Contact information for NWCDN members is also located on the state specific links in the event you have additional questions or your company is seeking a workers’ compensation lawyer in your state.
In Bandy v. Murray American Energy, Inc., No. 16-1165 (W. Va. October 18, 2017), the West Virginia Supreme Court of Appeals addressed Mr. Bandy's constitutional challenge to the mandatory statutory attorney fee in W. Va. Code § 23-5-16(c). In a Memorandum Decision, the Court ruled the statutory maximum attorney fee is not an unconstitutional interference with claimant's access to the judicial system and the deprivation of due process of law. In light of the Florida Supreme Court decision inCastellanos v. Next Door Company, the West Virginia Supreme Court sidestepped the issue, stating that although the claimant couched his appeal as a constitutional issue, they found it to be a policy argument, and noted that policy arguments are more appropriately directed to the Legislature. The Court found that the attorney fee statute does not deprive claimants of due process or the ability to retain counsel.
Carpal Tunnel Syndrome
In Stover v. Charleston Area Medical Center, No. 16-1195 (W. Va. September 15, 2017), Ms. Stover alleged she developed bilateral carpal tunnel syndrome in the course of and resulting from her employment as a data entry clerk and linen department worker. An EMG performed on January 28, 2014, showed severe bilateral CTS. Her doctor noted that Ms. Stover used to be a data entry professional but lost her job two years prior because she could not perform her duties due to numbness and tingling in both hands. Her chronic problems included diabetes, fibromyalgia, hypertension, and obesity. She was assessed with carpal tunnel syndrome and cubital tunnel syndrome. Her doctor advised Ms. Stover that part of her symptoms could be due to diabetic neuropathy. Ms. Stover underwent right carpal tunnel release surgery on April 29, 2014. Her workers' compensation claim was rejected. An IME doctor opined the diagnosis of bilateral carpal tunnel syndrome is solely the result of Ms. Stover’s personal risk factors and is unrelated to her former occupation. Dr. Bailey stated that she has suffered many other consequences of her long standing morbid obesity including type II diabetes, diabetic peripheral neuropathies of her hands and feet, hypertension, high cholesterol, gastroesophageal reflux disease, and early onset arthritis. In its 5-0 Memorandum Decision, the Court concluded Claimant's job duties do not involve awkward wrist positioning, vibratory tools, significant grip force and high force of repetitive movements that have been shown to contribute to carpal tunnel syndrome. In addition, she has pre-existing medical conditions known to cause carpal tunnel syndrome.
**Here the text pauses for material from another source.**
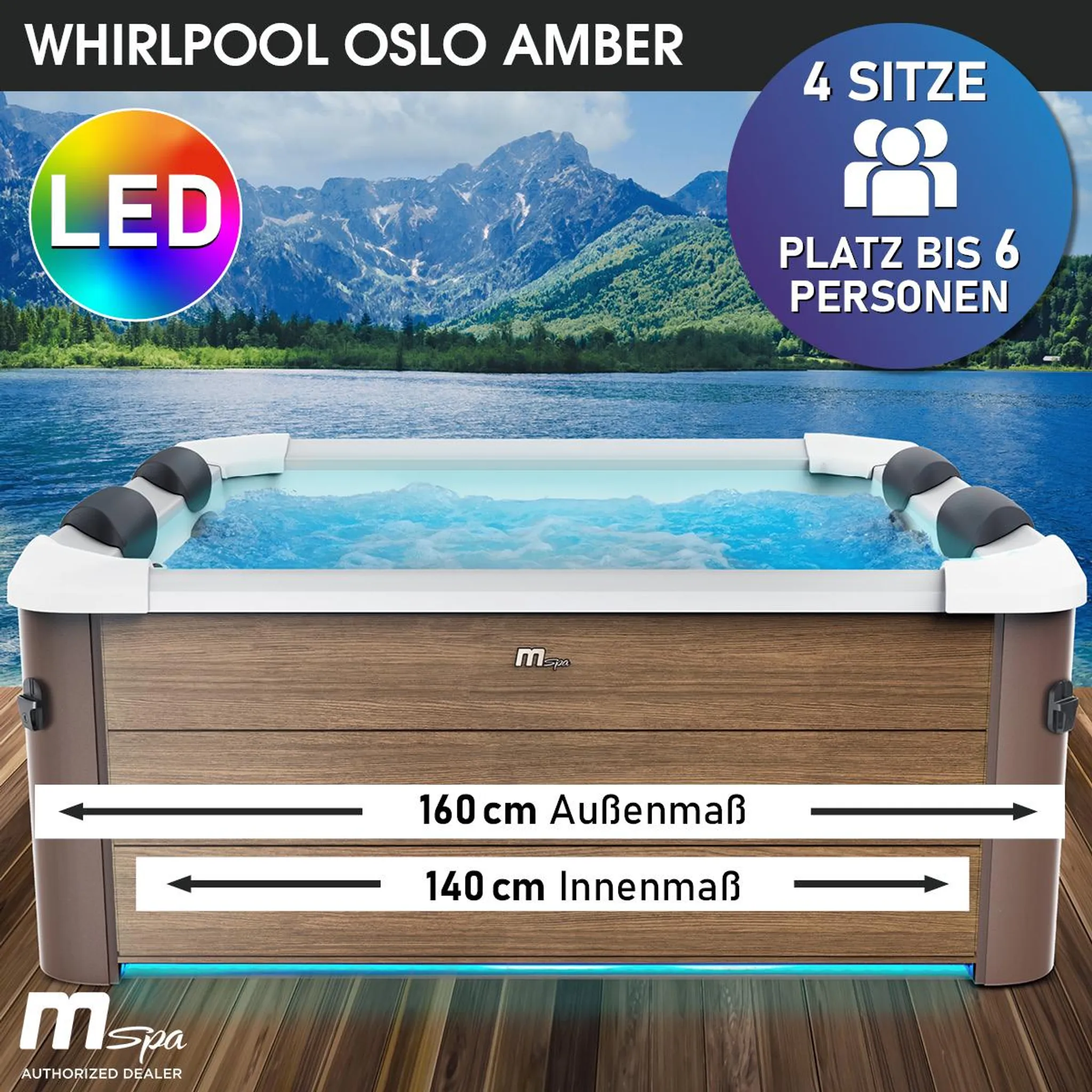 • Ihr Profi Whirlpool für Zuhause: Schaffen Sie einzigartige Wellnessmomente mit unserem Außenwhirlpool OSLO AMBER für bis zu 6 Personen. Die Steuerung der persönlichen Wellnessoase erfolgt dabei bequem über das OLED-Touchdisplay oder die erweiterte MSpa App 2.0

Going to and Coming from Work Rule
In Ferrell v. Charleston Area Med. Ctr., No. 16-0581, (W. Va. June 8, 2017), the Supreme Court affirmed a prior decision to reject plaintiff's claim for workers' compensation benefits after plaintiff was struck by a delivery truck in a public street as she walked to work. The Court here relied on the rule from Williby v. W. Virginia Office Ins. Com'r, 686 S.E.2d 9 (W.Va. 2009), which states that an injury incurred while traveling to work, and not on the premises of the employer, does not give rise to a compensable injury unless the place of injury was brought into the scope of employment by an express or implied requirement in the contract of employment. Applying this rule to the facts in this case, the Court relied on surveillance footage of the accident, a traffic report, and testimony from two witnesses to the accident that clearly established the claimant was in the middle of the road when she was struck, and not on the employer's property, nor was she performing any express or implied duties for the employer when the accident occurred. Therefore, the claimant was not entitled to compensation from her employer for the injury sustained.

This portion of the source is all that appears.